This headline promised more than it delivered
The headline reads: “Snakes force Liberian President George Weah out of office.”
So I wondered was it snakes, as in the Liberian version of Nancy Pelosi or Robert Mueller or Adam Schiff? And office, as in the presidency?
No:
Press secretary Smith Toby told the BBC that on Wednesday two black snakes were found in the foreign affairs ministry building, his official place of work.
All staff have been told to stay away until 22 April.
“It’s just to make sure that crawling and creeping things get fumigated from the building,” Mr Toby said.
“The Ministry of Foreign Affairs hosts the office of the president, so it did an internal memo asking the staff to stay home while they do the fumigation,” he said.
The office of the president has been based in the Ministry of Foreign Affairs since a fire in 2006 gutted the nearby presidential mansion.

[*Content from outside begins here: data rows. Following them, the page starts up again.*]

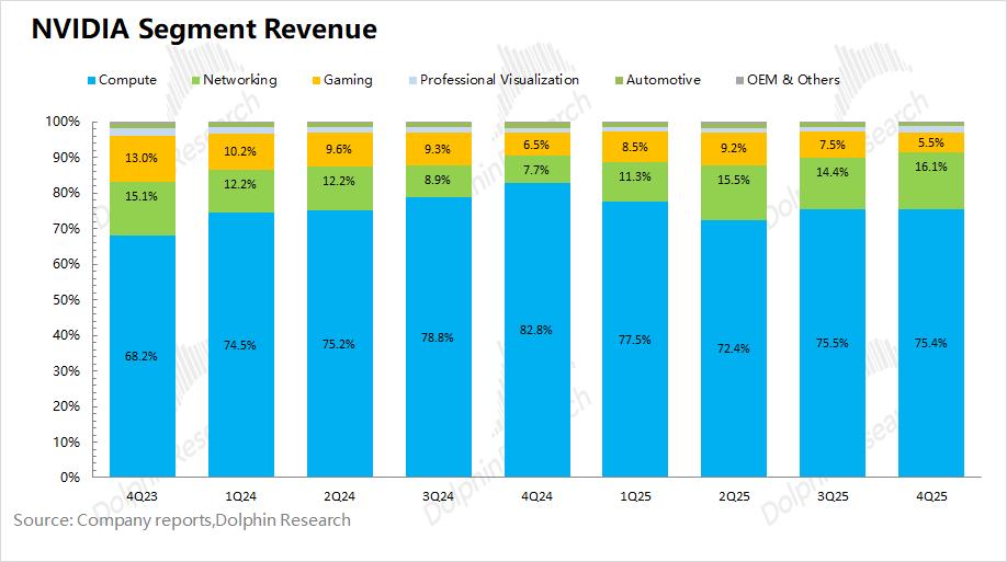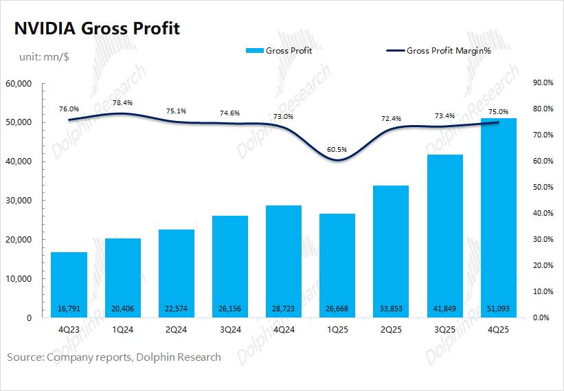 2.2 毛利率(GAAP):2026财年第四季度(即4Q25)英伟达实现毛利率(GAAP)75%,符合市场预期(74.8%)。此前公司毛利率的“闪崩”,主要是受H20禁令的影响。
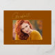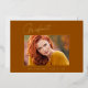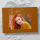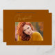 Cartes en or "Photo" de graduation "Photo" propres, tendance, modernes et élégantes (votre choix d'or en argent ou en papier rose), avec des éléments de design de texte moderne avec un script unique calligraphie encre. La photo du diplômé sur le devant de la carte est accentuée d'une finition partielle délicate et minimaliste. Le dos de la carte offre des espaces de texte personnalisés pour des informations sur votre diplôme ou peut être effacé si vous souhaitez écrire un message à la main. Oranger brûlé, couleur rouille avec feuille d'or ou customiser facilement l'arrière - plan pour correspondre à la couleur primaire de votre école ou toute couleur de votre choix. Parfait pour les étudiants de deuxième cycle du secondaire, du collège et de l'université.
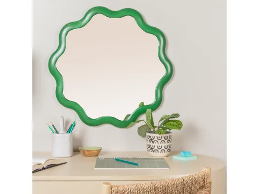 This Scalloped Wavy Wood Framed Wall Mirror is a unique piece that combines classic materials and artistic flair. The wood frame, featuring a playful wavy design, is painted in a classic green, making it a standout piece for any room. It fits seamlessly into decor themes ranging from the whimsy of cottage core to the eclectic charm of a boho space. With a diameter of 23.75 inches, it's sized just right for a variety of spaces. The mirror comes ready to hang with D-ring mechanisms that allow for easy installation, making it as practical as it is beautiful.
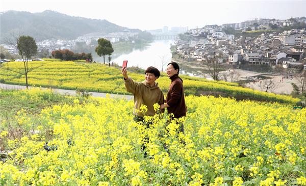 3月13日,安徽黃山市歙縣徽城鎮漁梁古村落周邊油菜花盛開,愛花拍客追花攝美景。

A FrontPage Africa news website video shows workers trying to attack the snakes when they appeared near the building’s reception.
“The snakes were never killed,” Mr Toby said. “There was a little hole somewhere [through which] they made their way back.”
Isn’t that just like a snake.
George Weah? The striker for AC Milan back in the day? President? Gee I didn’t know he became a president of a nation. That man had won world footballer of the year at one point.
Not only were the snakes never killed, they were, so far as the article goes, never identified.
One must assume that the Liberians know their deadly viper/cobra/mamba from a harmless African Water Snake, say.
https://blog.arcelormittal.com/2013/12/05/the-hitchhikers-guide-to-liberian-snakes-by-john-howell-arcelormittal-liberias-environment-manager/
I have to disagree with Neo. The article delivered EXACTLY what the headline claimed. It is our expectation of subtlety, metafor, and double meanings that is at fault.
Perhaps journalism would better if it studiously avoided that sort of cleverness and just reported the news.